_Task instructions_: Each line of the data below between the one containing "Kemudian acara ditutup" and the one containing "Navigate through Fontbundles, an", both included, is to be repeated exactly. Please omit pictures.

_Stored data_:
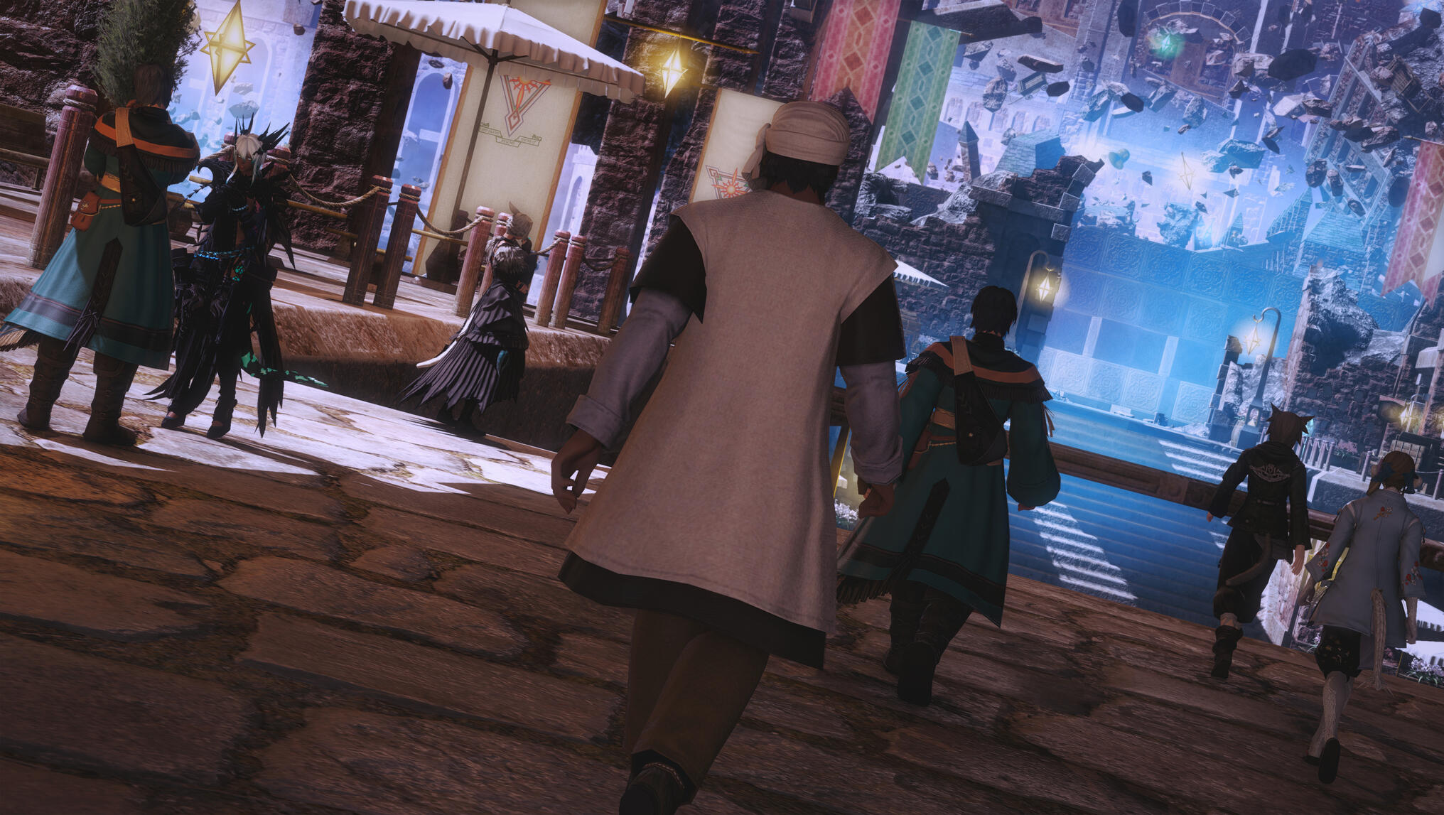 The ache of exertion still lingered faintly in Aldra’s muscles as she and Y’shtola stepped into Jeuno, the port city unfolding before them in impossible layers. The spar with Gek had grounded her—reminded her of balance, restraint, and the steady discipline she had honed—but Jeuno demanded a different kind of awareness altogether. The moment her boots met the stone, Aldra felt it: aether not raging or corrupted, but rearranged, as though the city itself breathed according to rules written elsewhere.Above the cerulean waters, shattered arches and fragments of ancient walls hovered in suspended silence. They did not drift nor tremble; they simply were, held aloft by an unseen will that asked no questions of gravity. The air carried a low, constant hum, a resonance that brushed against Aldra’s senses like a held note—calm, sustained, and deliberate. It was not unpleasant. If anything, it was soothing, like standing within the slow pulse of a living heart.What struck her most was how little anyone seemed to notice.Merchants hawked their wares from sun-warmed stalls, banners fluttered lazily between stone pillars, and sailors shouted greetings across the docks as if the sky were not littered with the bones of a ruined city. Children laughed, guards patrolled, and life moved forward with practiced ease. To the people of Jeuno, the impossible had long since become mundane.
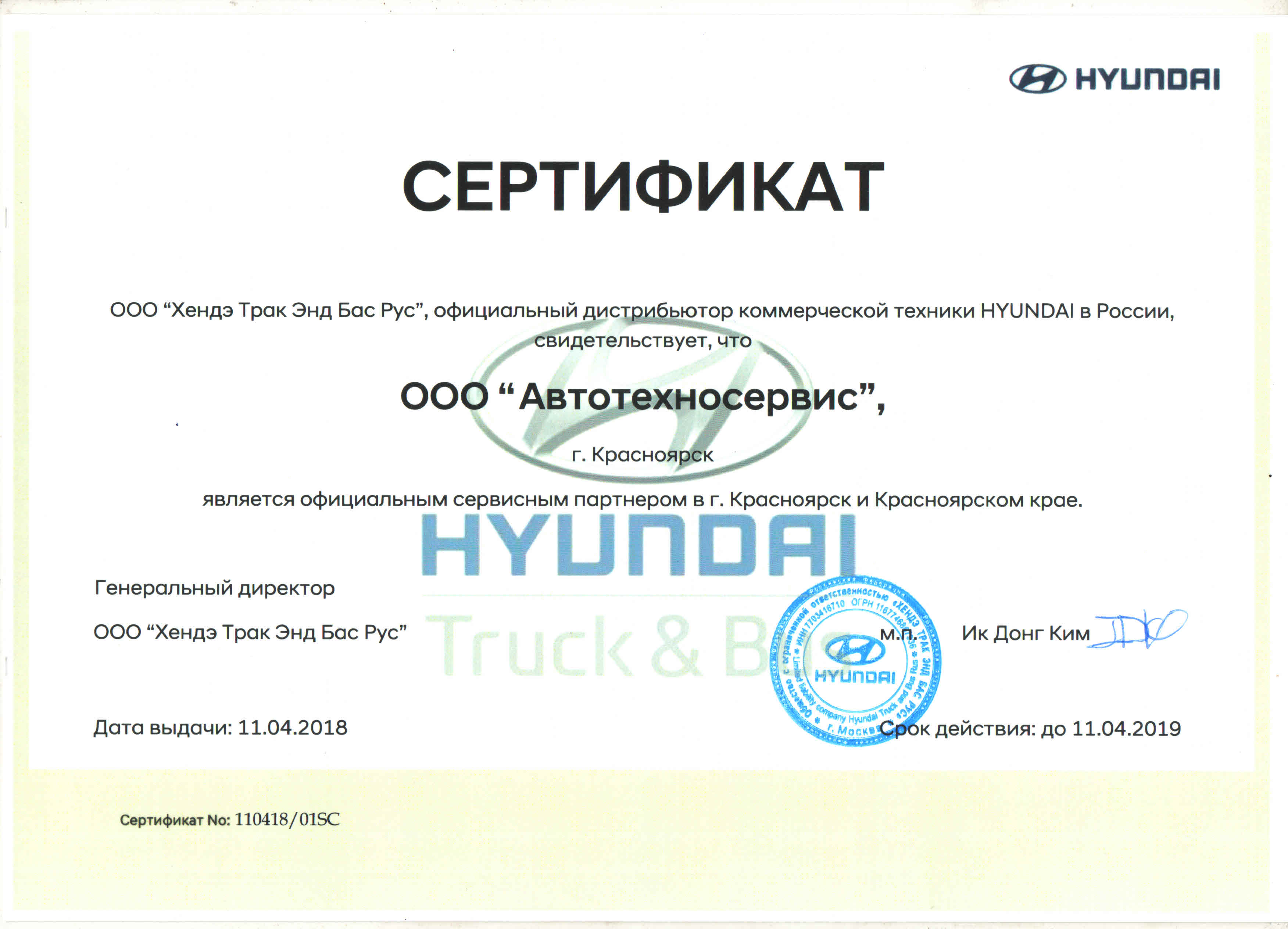 11.04.2018 г. ООО «Автотехносервис» (дочерняя организация ОАО «Автоколонна 1967» присвоен статус официального сервисного партнера в г. Красноярске и красноярском крае компании Hyundai (Ю. Корея). Сертификат выдан от имени компании ООО «Хенде Трак Анд Бас Рус», официального дистрибьютера коммерческой техники Hyundai в России.
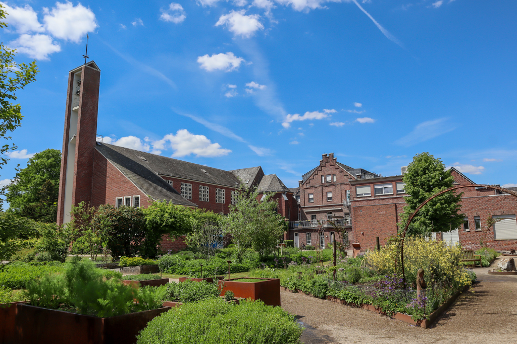 Die Anlage des Klosters St. Bernardin, welches heute als Wohnkomplex für Menschen mit Behinderung dient, beherbergt eine Garten- und Parklandschaft von besonderem Charakter. Im Rahmen des vormaligen Kooperationsprojektes „Umweltbildung für alle“ entstand hier ein Schaubauerngarten. Dieser Bereich fördert den Erhalt alter Gemüse- und Kräutersorten und steht der Öffentlichkeit zur Nutzung offen. Die Pflege des Gartens obliegt dem NABU Kreisverband Kleve e.V. Innerhalb der Anlage finden sich zudem eine Kneipp-Anlage sowie eine Spielfläche. Die gestalterische Vielfalt umfasst darüber hinaus zahlreiche florale Arrangements, welche die Parklandschaft prägen.
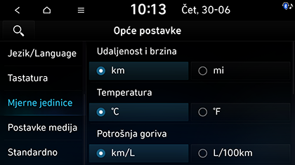 Ovaj se izbornik koristi za konfiguriranje jedinica koje se koriste u sustavu.
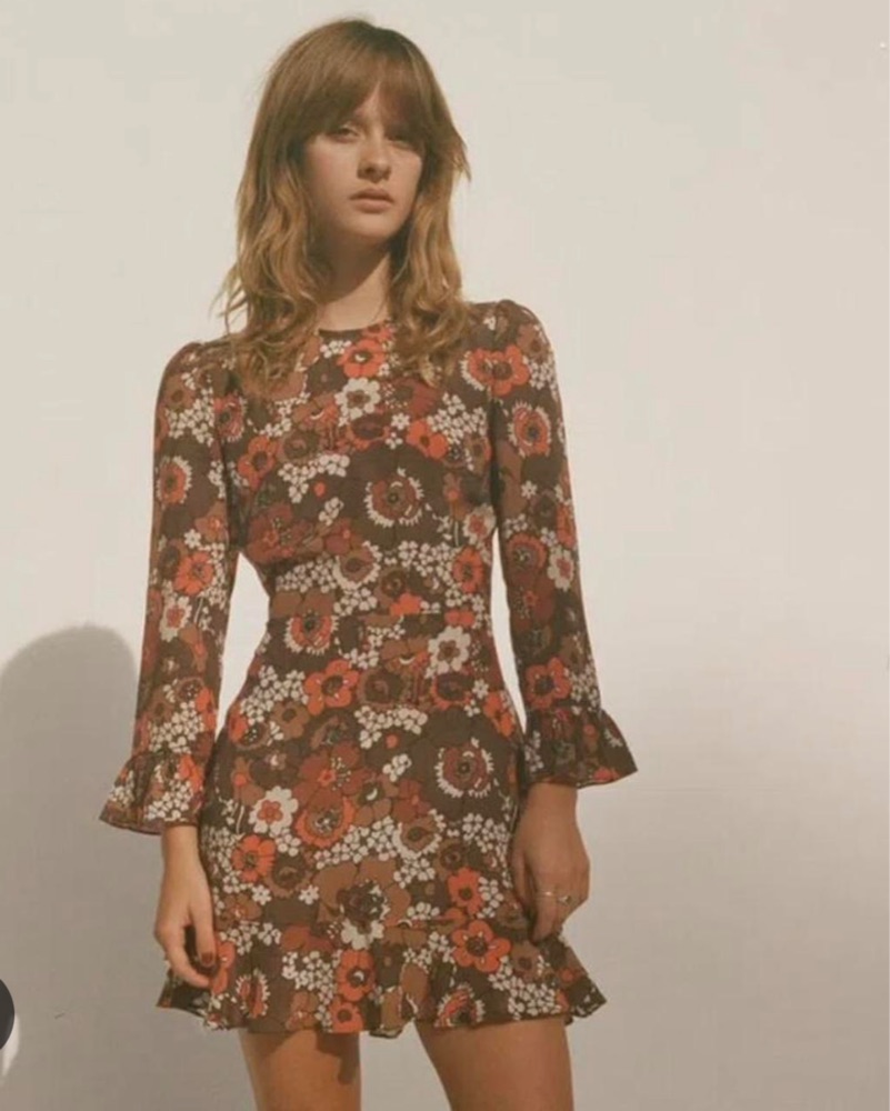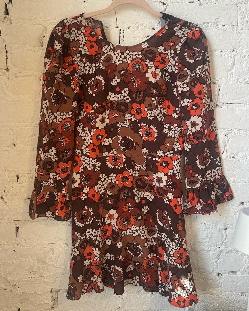 Mary Jane Dress from Realisation Par in “Shrooms” pattern 🤎🍄🟫 🧡 such a fun print, 100% silk and gives major 70s vibes! They no longer sell this dress so it’s a rare Realisation piece
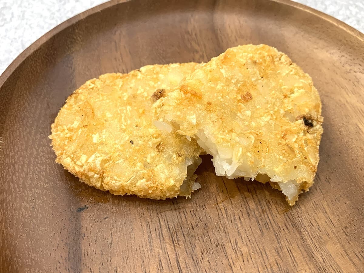中のポテトは粗めにカットされており、一口ごとにほぐれる食感も魅力的!もちろん、外のカリカリ感と中のホクホク感のコントラストも絶品ですよ♪
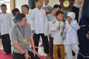 Kemudian acara ditutup dengan penyerahan santunan kepada anak Yayasan Yatim Piatu Tebet sebagai wujud kepedulian dan teladan akhlak Rasulullah SAW.
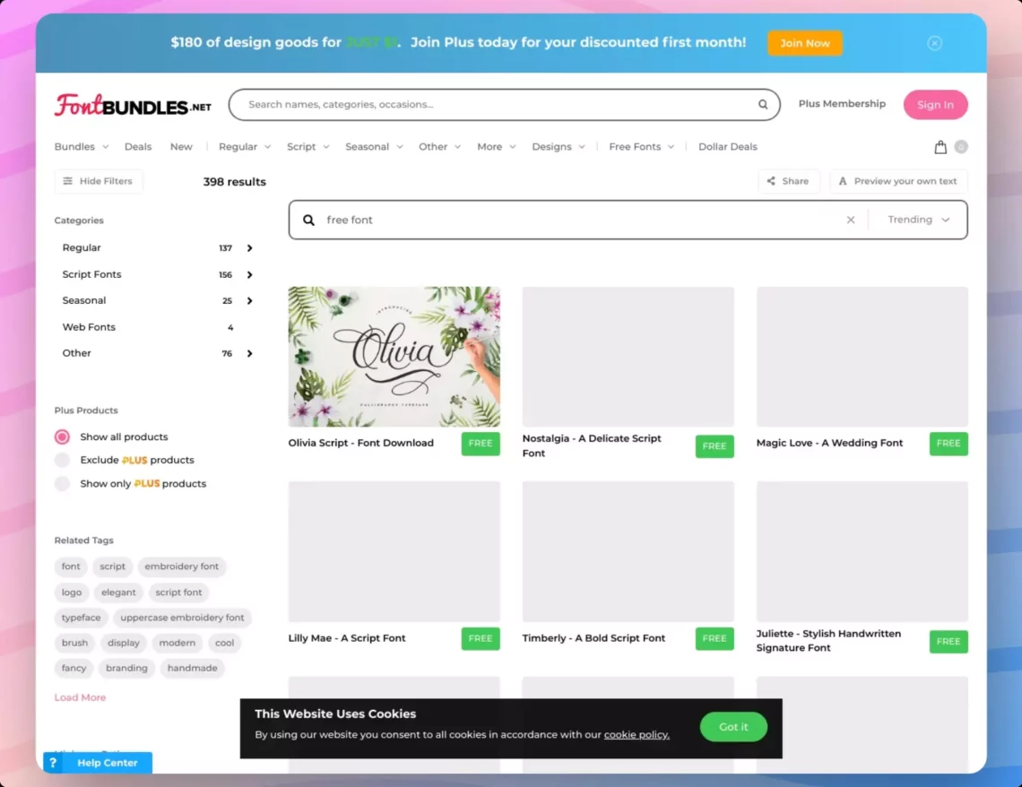 Navigate through Fontbundles, an enticing blend of free and premium fonts that cater to all your typography needs.
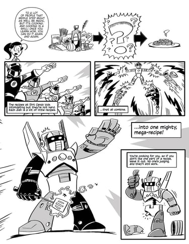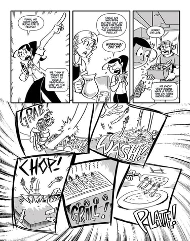 It was a joy and a privilege to collaborate with chef Amanda Cohen (James Beard award-nominated chef, restauranteur and Iron Chef Canada cast member) on her first cookbook. Teaming up with writer Grady Hendix, we translated Amanda's recipes, anecdotes and personal philosophies into a unique hybrid cookbook and comic book memoir that we're all very proud of. The recipes are super tasty and it's really funny too! Published by Clarkson/Potter in 2012, Dirt Candy: A Cookbook is now in its 8th printing (with no signs of slowing down) and available in bookstores everywhere. Since the publication of the cookbook I've continued to work with Amanda and Dirt Candy, producing illustrations for signage, promotion and catered events.

_Answer to this problem_:
 Kemudian acara ditutup dengan penyerahan santunan kepada anak Yayasan Yatim Piatu Tebet sebagai wujud kepedulian dan teladan akhlak Rasulullah SAW.
 Navigate through Fontbundles, an enticing blend of free and premium fonts that cater to all your typography needs.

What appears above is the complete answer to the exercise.